Энни прижала руки к животу. Она боялась, что ее вот-вот стошнит или она упадет в обморок. В отдаленном, постоянно работающем уголке мозга — малодоступном, огражденном барьерами — у нее рождались хлесткие ответы Джоанне вроде: «Жаль, что я не собака!» или «Джоанна, голливудский ветеринарный агент», что означало: «Если ты не прекратишь, укушу!» Но, увы, дрожащие губы не выдавили ни слова.
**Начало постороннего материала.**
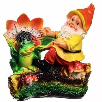 Изд-е гипс"Гном с лягушкой на бревне"250*260мм 145

— Вместо Лесси, — продолжила Джоанна, — я могла бы назвать немало актеров, которые в данный момент являются желанным зверем. Энни, разумеется, я не отношу тебя к данной категории, тебе известно, до какой степени меня ошеломляет твое драматическое чутье. И все же я должна блюсти твои интересы и обращаться к тебе как к неразумному созданию. Отменить назначенные встречи, поскольку ты уклоняешься от них, — это я понимаю. Один раз. Но не два. В последние недели ты пренебрегала всеми обязательствами, и меня в Голливуде шпыняли все кому не лень. Было бы лишним уточнять, что я охотно обошлась бы без таких знаков внимания.
Энни сползла вдоль зеркала и присела на корточки. Боль сверлила ее насквозь.
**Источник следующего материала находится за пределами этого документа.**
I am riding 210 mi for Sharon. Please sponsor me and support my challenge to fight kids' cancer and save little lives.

— Короче, возьми себя в руки. Твое участие необходимо для продвижения «Девушки в красных очках». Ты меня не возненавидишь, если я скажу, что в иные дни ты совершенно нефотогенична и голос звучит ужасно?
Энни хотела ответить, что как раз затем, чтобы скрыть это, отменяла встречи с журналистами, и ответила бы, если бы этот диалог разворачивался в другом измерении, где она была бы способна громко произнести фразы, складывавшиеся в уме.
В этот момент Джоанна замолкла, так как художник по костюмам в сопровождении помощников вернулся, чтобы присутствовать при примерке.
— Ита-а-ак?! — спросил он со своим итало-ливанским акцентом.
Энни на грани обморока, защищенная от оценивающих взглядов тяжелой бархатной портьерой, натянула на себя платье из золотистого ламе, такое легкое, изящное, узкое, что оно облегло ее фигуру как фантастически эластичная вторая кожа. Любимец Голливуда Орландо уверял, что сотворил это чудо специально для нее.
— Энни, не заставляй меня томи-иться! Правда же ты в нем похожа на сиррену-у?!
Девушке хотелось угодить этому гениальному дизайнеру, что, мол, да, она сгорает от нетерпения, желая предстать в этой рыбьей чешуе, но желудок свело спазмом, а в глазах у нее помутилось. Она вот-вот могла лишиться чувств.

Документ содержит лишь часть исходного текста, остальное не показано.